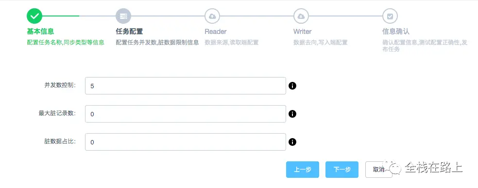 在准备好了数据迁移任务所需使用的 Reader/Writer 插件后,就可以通过移山去创建迁移任务了,其实就是通过图形化配置去生成一个完整的 Job 配置文件,为运行任务做准备。
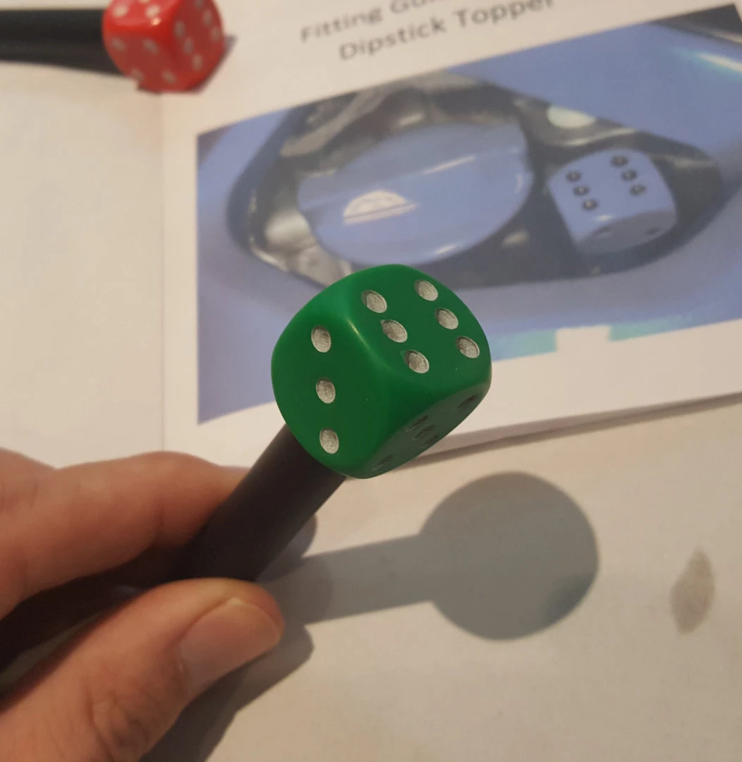A custom dice dipstick topper which gives that quirky touch to your engine bay
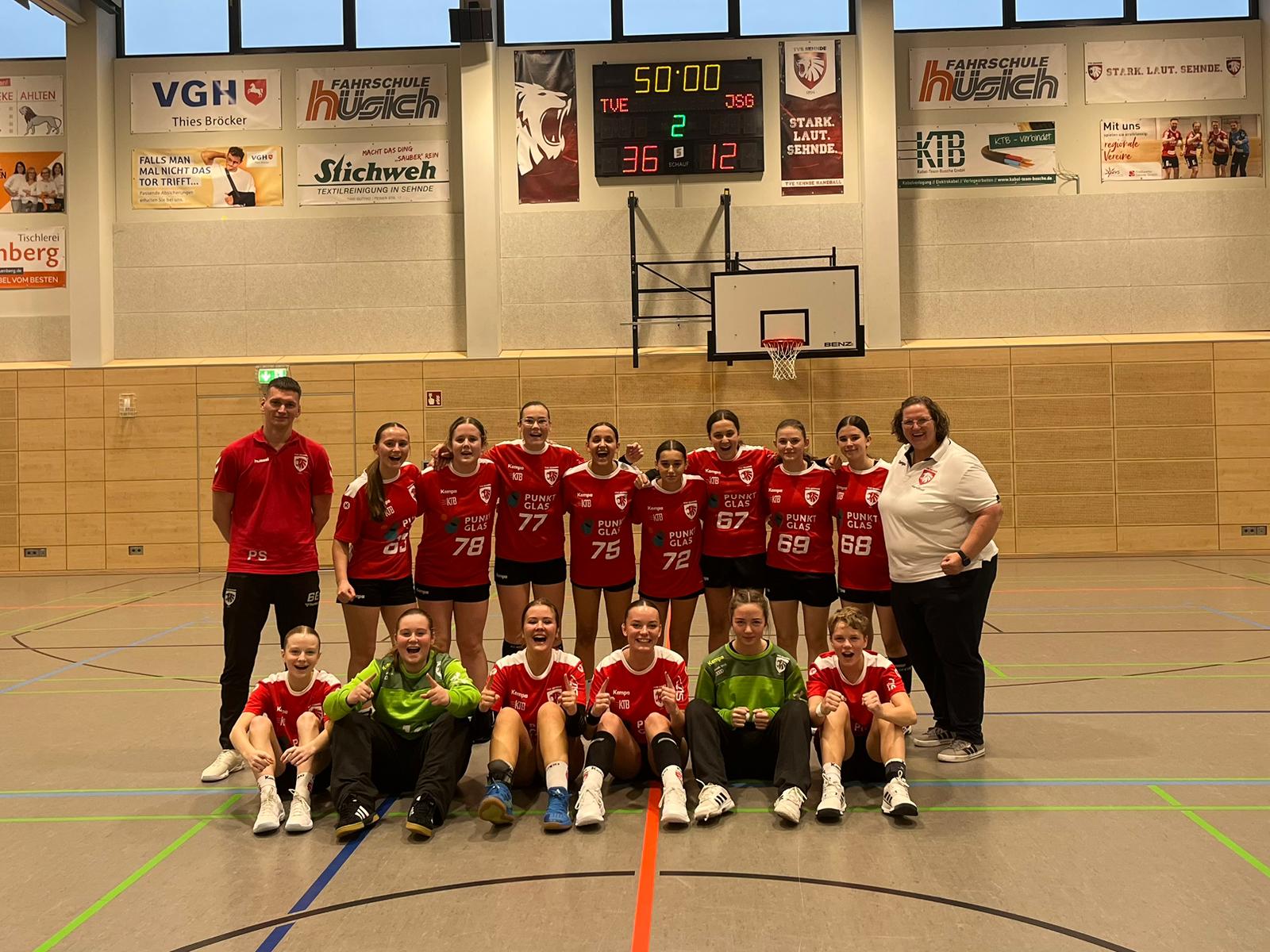 Für den TVE spielten: Kerstin Kinder und Kaya Karbstein im Tor, Julia Osterwald, Kristin Lotsch(1), Sarah Arrago, Anna-Lena Tillmann(3), Saskia Völlner(3/2), Johanna-Marie Tillmann, Katharina Strienke(4), Rosa Krill(4), Esma Özaslan, Miriam Sperlich(4) und Shahrzad Malekzadeh(1)
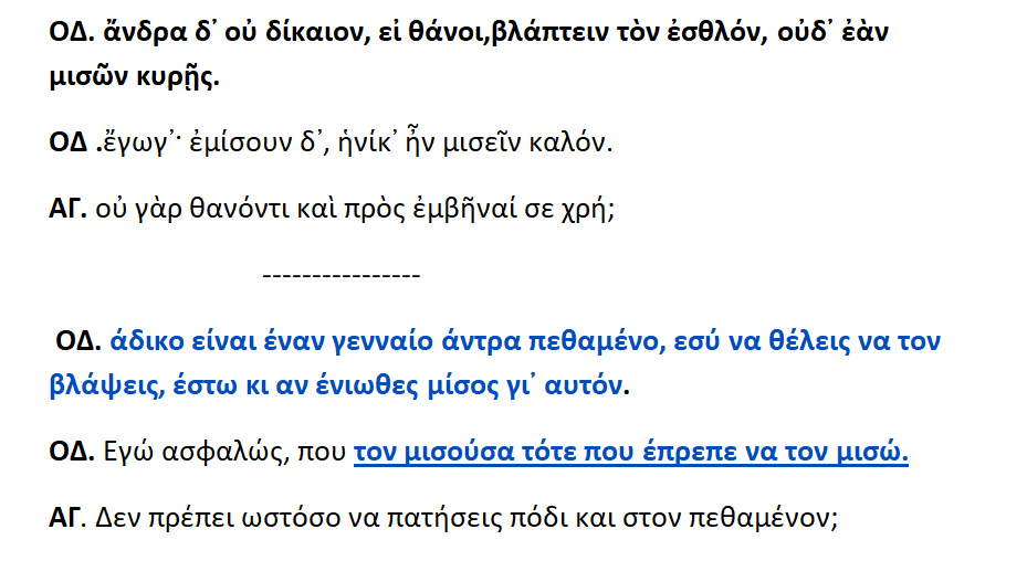 Aυτός ο στίχος [ 523 ] από το Β’ ΕΠΕΙΣΟΔΙΟ θεωρείται ίσως ως ο πιο διάσημος στην ‘Αντιγόνη του Σοφοκλέους . Διάσημος και παράλληλα αινιγματικός .Πάνω σε αυτόν έχουν οικοδομηθεί πολλές και ποικίλες ερμηνείες . Η Αντιγόνη στην στιχομυθία που ακολουθεί με τον Κρέοντα δηλώνει ,ότι » είναι γεννημένη να αγαπάει [ φιλείν ] και όχι να μισεί [ εχθαίρειν ] » .
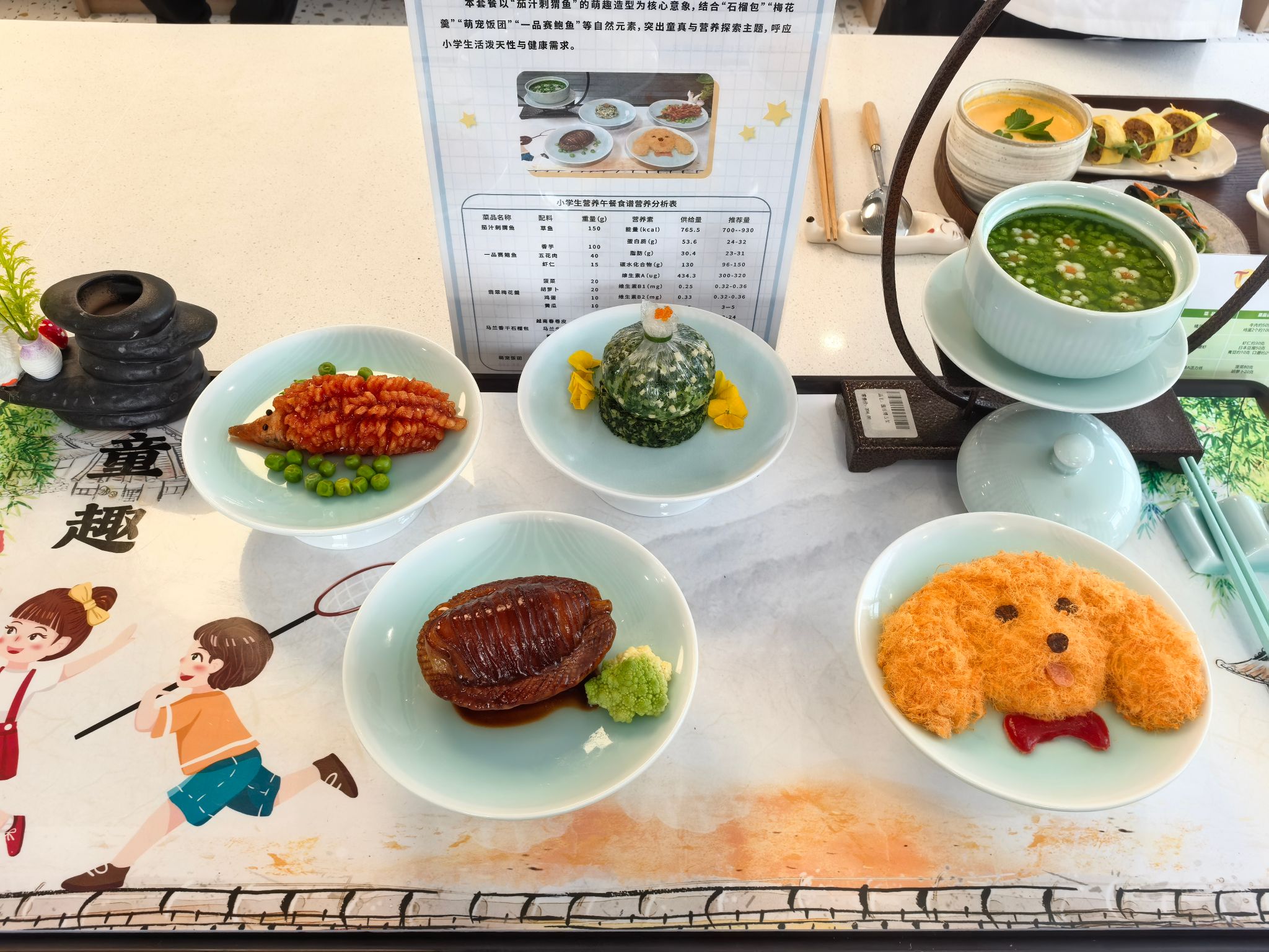 小学生营养套餐“童趣”则以“茄汁刺猬鱼”的萌趣造型为亮点,搭配“石榴包”“梅花羹”等充满自然元素的菜品,既贴合小学生活泼天性,又兼顾营养需求。
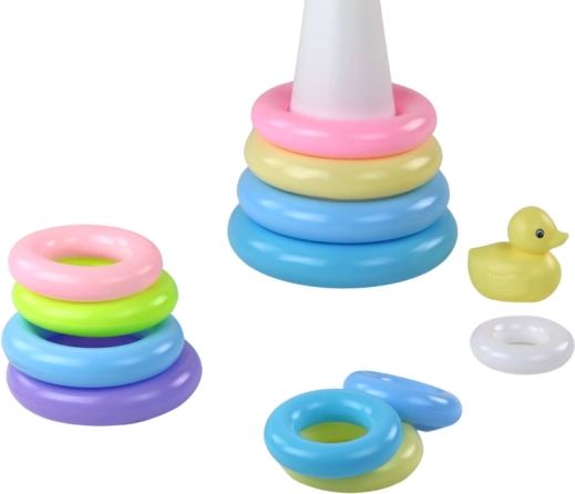 I bambini impilano gli anelli dal più grande al più piccolo e nel frattempo imparano colori, dimensioni e sequenze. Favorisce il pensiero logico e la percezione spaziale.
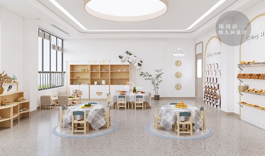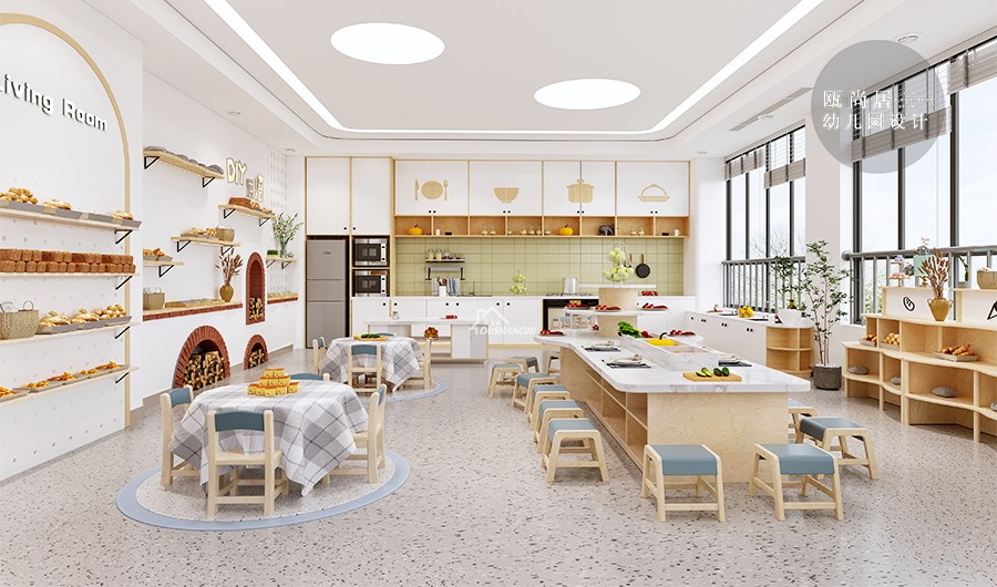 簡約明亮的設計,注重了部分趣味性。通過引入可愛的烘焙元素和色彩明亮的設計,讓生活室變得更加吸引孩子們的注意力,從而激發他們對烘焙的興趣和參與活動的積極性。
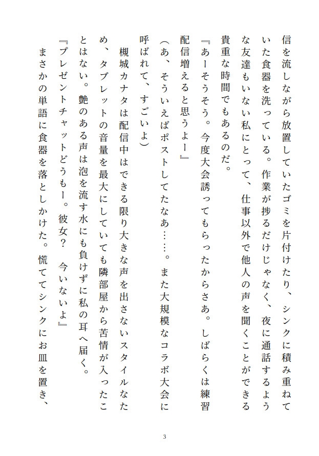 どこにでもいる一般的な独身OL。人気配信者、槻城カナタを推している。
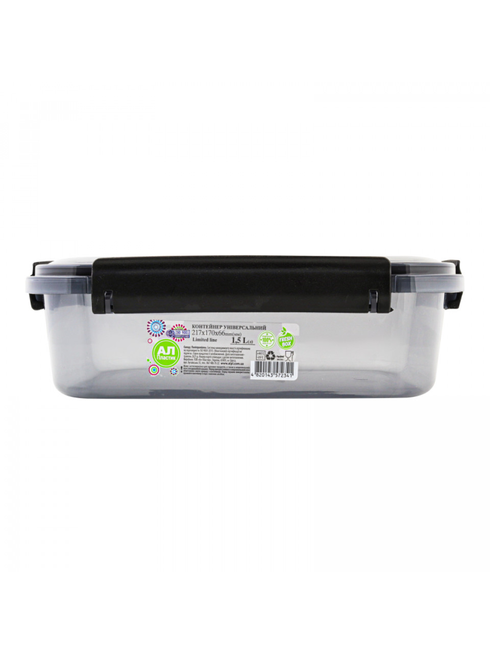 Контейнер харчовий 1,5 л, Limited line, герметичний прямокутний, 21,7*17*6,6 см (чорний прозорий)
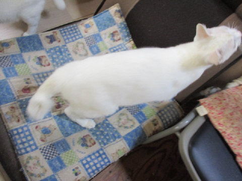 ユキ♀は、猫じゃらしを追いかけて、 o(^‥^=o)~アッチコッチ ~(o=^‥^)o と、移動中!ユキ♀は、まだちいちゃいねぇ~。今月11日で3ヶ月。アチコチ動き回るのはいいけど、踏まれないようにねぇ~。潰されないようにねぇ~。もうすぐσ(=^‥^=)ワタシの誕生日!来週早々には誕生日。今年も誕生日が来る前から、色々と買ってま~~す。^^左下は、猫柄ひざ掛け毛布。左上は猫柄座布団。(PC前の座椅子に座るので、使おうと思って買いました。)右下は、猫耳付きリュックサック(去年は黒を買ったので、今年は色違いのこげ茶を買いました。)右上は、ふくろう柄のリュックサック5日は~~最低気温6.5℃最高気温20.1℃朝から、晴れたり曇ったり。朝は冷え冷え~~。日中は、気温も上がり、暖かかった~。朝晩と日中の気温差が激しいので、にゃんこも私も体調には気をつけないと~。様子見(=^-^=)達は、あい♀ボク♂大♂きじ丸♂の4にゃんこ毎日の飲み薬はシリンジで、ボク♂きじ丸♂の2にゃんに飲ませてます。まだまだ手がかかってます。申し訳ないですが、暫くは、コメントへのお返事は無理みたいです。我が家の25にゃんこの紹介は2016年01月05日の日記←25匹の猫達の画像と短い紹介を書いてます。 左上の方にある『ホーム』をクリックして入ると、毎年のにゃんこの紹介も見れますョ。
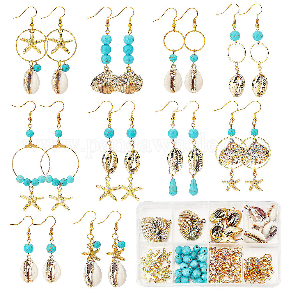 Набор для самостоятельного изготовления сережек из океанских драгоценных камней, включая натуральную оболочку и сплав и 304 подвески из нержавеющей стали, латунные кольца и крючки для сережек, синтетические бирюзовые бусины (02E5XZ)
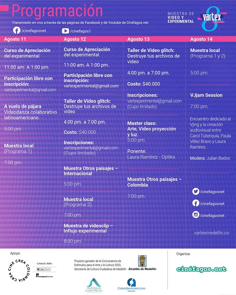 Del 11 al 14 de agosto se realizará VARTEX 8: Muestra de Video y Experimental de Medellín, esta vez en su versión online. Este año traemos una programación diversa que reúne cuatro muestras de exhibición, dos talleres de formación, una master class y una VJ Jam Session Online.
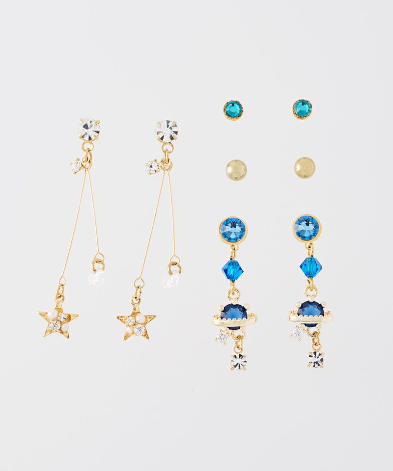 夜空を旅するような、星と惑星モチーフのカラーピアスセット☆
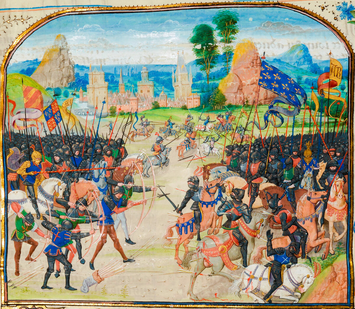 Реально же противостоять английской стреле мог именно спешенный рыцарь. Всем были хороши длинные луки, но пробивали рыцарские доспехи отнюдь не так часто, как хотелось бы. Рыцарь без лошади – небольшая неудобная мишень, прикрытая бронёй, дающей, скажем так, 90-процентную гарантию неуязвимости. Кроме всего прочего, позиции англичан были прикрыты виноградником, живыми изгородями, плюс палисадом из врытых в землю кольев. Не лучший полигон для рыцарской кавалерии.
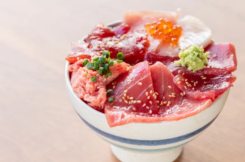 (3)おさかな食堂で人気の海鮮丼をはじめ、夜帯は海鮮うお焼きや酒の肴の数々もラインナップ!
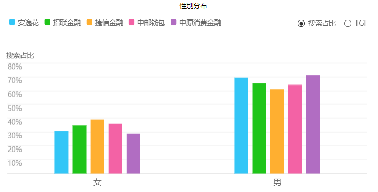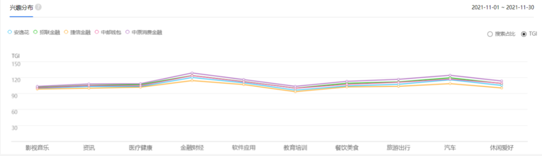 用戶(hù)畫(huà)像反映了關(guān)注消費(fèi)金融APP的用戶(hù)的年齡、性別和興趣分布。根據(jù)百度指數(shù)總結(jié)的用戶(hù)畫(huà)像可以看出,無(wú)論從年齡分布,還是性別、興趣分布來(lái)看,整體五款 APP 的用戶(hù)偏好相近,較為同質(zhì)化。
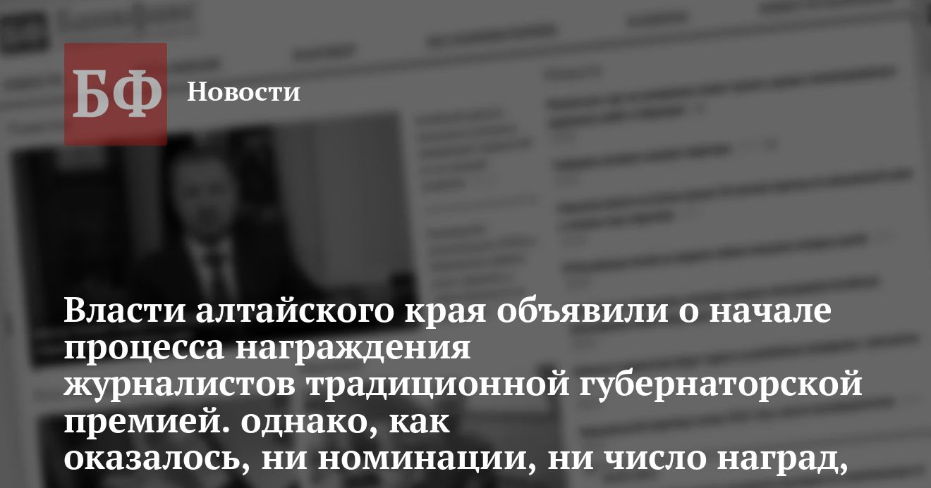 7 декабря пресс-служба администрации Алтайского края объявила о начале процесса награждения региональных журналистов т.н.

┄┄┄┄┄┄

● **TASK INSTRUCTIONS**: Output each line above exactly as it stands, omitting the pictures.

● **WRITTEN ANSWER**:
 在准备好了数据迁移任务所需使用的 Reader/Writer 插件后,就可以通过移山去创建迁移任务了,其实就是通过图形化配置去生成一个完整的 Job 配置文件,为运行任务做准备。
A custom dice dipstick topper which gives that quirky touch to your engine bay
 Für den TVE spielten: Kerstin Kinder und Kaya Karbstein im Tor, Julia Osterwald, Kristin Lotsch(1), Sarah Arrago, Anna-Lena Tillmann(3), Saskia Völlner(3/2), Johanna-Marie Tillmann, Katharina Strienke(4), Rosa Krill(4), Esma Özaslan, Miriam Sperlich(4) und Shahrzad Malekzadeh(1)
 Aυτός ο στίχος [ 523 ] από το Β’ ΕΠΕΙΣΟΔΙΟ θεωρείται ίσως ως ο πιο διάσημος στην ‘Αντιγόνη του Σοφοκλέους . Διάσημος και παράλληλα αινιγματικός .Πάνω σε αυτόν έχουν οικοδομηθεί πολλές και ποικίλες ερμηνείες . Η Αντιγόνη στην στιχομυθία που ακολουθεί με τον Κρέοντα δηλώνει ,ότι » είναι γεννημένη να αγαπάει [ φιλείν ] και όχι να μισεί [ εχθαίρειν ] » .
 小学生营养套餐“童趣”则以“茄汁刺猬鱼”的萌趣造型为亮点,搭配“石榴包”“梅花羹”等充满自然元素的菜品,既贴合小学生活泼天性,又兼顾营养需求。
 I bambini impilano gli anelli dal più grande al più piccolo e nel frattempo imparano colori, dimensioni e sequenze. Favorisce il pensiero logico e la percezione spaziale.
 簡約明亮的設計,注重了部分趣味性。通過引入可愛的烘焙元素和色彩明亮的設計,讓生活室變得更加吸引孩子們的注意力,從而激發他們對烘焙的興趣和參與活動的積極性。
 どこにでもいる一般的な独身OL。人気配信者、槻城カナタを推している。
 Контейнер харчовий 1,5 л, Limited line, герметичний прямокутний, 21,7*17*6,6 см (чорний прозорий)
 ユキ♀は、猫じゃらしを追いかけて、 o(^‥^=o)~アッチコッチ ~(o=^‥^)o と、移動中!ユキ♀は、まだちいちゃいねぇ~。今月11日で3ヶ月。アチコチ動き回るのはいいけど、踏まれないようにねぇ~。潰されないようにねぇ~。もうすぐσ(=^‥^=)ワタシの誕生日!来週早々には誕生日。今年も誕生日が来る前から、色々と買ってま~~す。^^左下は、猫柄ひざ掛け毛布。左上は猫柄座布団。(PC前の座椅子に座るので、使おうと思って買いました。)右下は、猫耳付きリュックサック(去年は黒を買ったので、今年は色違いのこげ茶を買いました。)右上は、ふくろう柄のリュックサック5日は~~最低気温6.5℃最高気温20.1℃朝から、晴れたり曇ったり。朝は冷え冷え~~。日中は、気温も上がり、暖かかった~。朝晩と日中の気温差が激しいので、にゃんこも私も体調には気をつけないと~。様子見(=^-^=)達は、あい♀ボク♂大♂きじ丸♂の4にゃんこ毎日の飲み薬はシリンジで、ボク♂きじ丸♂の2にゃんに飲ませてます。まだまだ手がかかってます。申し訳ないですが、暫くは、コメントへのお返事は無理みたいです。我が家の25にゃんこの紹介は2016年01月05日の日記←25匹の猫達の画像と短い紹介を書いてます。 左上の方にある『ホーム』をクリックして入ると、毎年のにゃんこの紹介も見れますョ。
 Набор для самостоятельного изготовления сережек из океанских драгоценных камней, включая натуральную оболочку и сплав и 304 подвески из нержавеющей стали, латунные кольца и крючки для сережек, синтетические бирюзовые бусины (02E5XZ)
 Del 11 al 14 de agosto se realizará VARTEX 8: Muestra de Video y Experimental de Medellín, esta vez en su versión online. Este año traemos una programación diversa que reúne cuatro muestras de exhibición, dos talleres de formación, una master class y una VJ Jam Session Online.
 夜空を旅するような、星と惑星モチーフのカラーピアスセット☆
 Реально же противостоять английской стреле мог именно спешенный рыцарь. Всем были хороши длинные луки, но пробивали рыцарские доспехи отнюдь не так часто, как хотелось бы. Рыцарь без лошади – небольшая неудобная мишень, прикрытая бронёй, дающей, скажем так, 90-процентную гарантию неуязвимости. Кроме всего прочего, позиции англичан были прикрыты виноградником, живыми изгородями, плюс палисадом из врытых в землю кольев. Не лучший полигон для рыцарской кавалерии.
 (3)おさかな食堂で人気の海鮮丼をはじめ、夜帯は海鮮うお焼きや酒の肴の数々もラインナップ!
 用戶(hù)畫(huà)像反映了關(guān)注消費(fèi)金融APP的用戶(hù)的年齡、性別和興趣分布。根據(jù)百度指數(shù)總結(jié)的用戶(hù)畫(huà)像可以看出,無(wú)論從年齡分布,還是性別、興趣分布來(lái)看,整體五款 APP 的用戶(hù)偏好相近,較為同質(zhì)化。
 7 декабря пресс-служба администрации Алтайского края объявила о начале процесса награждения региональных журналистов т.н.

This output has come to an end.